To map out the probability of likely sources, the team generates millions of different scenarios describing what the source might be and compares them to what the spacecraft actually detects.
In response to an impact, LISA Pathfinder fires its thrusters to counteract both the minute “push” from the strike and any change in the spacecraft’s spin. Together, these quantities allow the researchers to determine the impact’s location on the spacecraft and reconstruct the micrometeoroid’s original trajectory.

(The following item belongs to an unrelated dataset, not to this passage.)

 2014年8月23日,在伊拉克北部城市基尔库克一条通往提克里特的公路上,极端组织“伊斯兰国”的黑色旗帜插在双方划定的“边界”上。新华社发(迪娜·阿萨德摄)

This may allow the team to identify individual debris streams and perhaps relate them to known asteroids and comets.
“This is a very nice collaboration,” said Paul McNamara, the LISA Pathfinder project scientist at ESA’s Directorate of Science in Noordwijk, the Netherlands. “This is data we use for doing our science measurements, and as an offshoot of that, Ira and his team can tell us about microparticles hitting the spacecraft.”

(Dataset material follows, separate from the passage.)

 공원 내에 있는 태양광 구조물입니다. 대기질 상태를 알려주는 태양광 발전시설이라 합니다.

Its distant location, sensitivity to low-mass particles, and ability to measure the size and direction of impacting particles make LISA Pathfinder a unique instrument for studying the population of micrometeoroids in the inner solar system. But it’s only the beginning.

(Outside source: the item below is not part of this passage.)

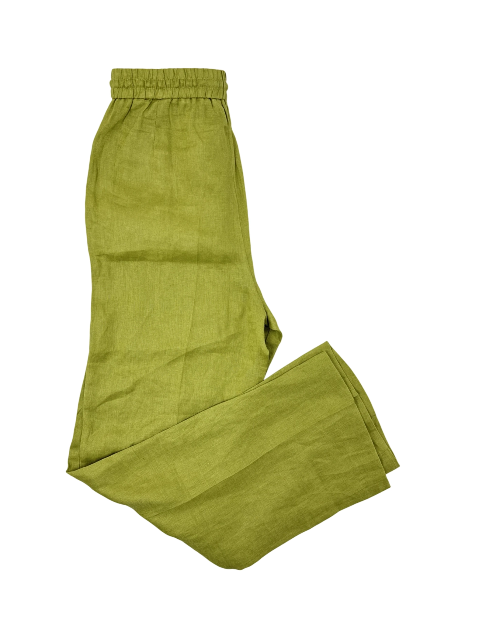 Elevate your summer wardrobe with these stylish pre-owned Zara linen pants. These pants feature a wide leg design, comfortable fit, and a beautiful green color, perfect for warm weather. Made from 100% linen, offering breathability and a luxurious feel. These pants are a versatile addition to any closet, ideal for casual outings or dressed up for special occasions.

“This is a proof of concept, but we’d hope to repeat this technique with a full gravitational wave observatory that ESA and NASA are currently studying for the future,” said Thorpe. “With multiple spacecraft in different orbits and a much longer observing time, the quality of the data should really improve.”
LISA Pathfinder is managed by ESA and includes contributions from NASA Goddard and NASA’s Jet Propulsion Laboratory in Pasadena, California. The mission launched on Dec. 3, 2015, and began orbiting a point called Earth-sun L1, roughly 930,000 miles (1.5 million km) from Earth in the sun’s direction, in late January 2016.
LISA stands for Laser Interferometer Space Antenna, a space-based gravitational wave observatory concept that has been studied in great detail by both NASA and ESA. It is a concept being explored for the third large mission of ESA’s Cosmic Vision Plan, which seeks to launch a gravitational wave observatory in 2034.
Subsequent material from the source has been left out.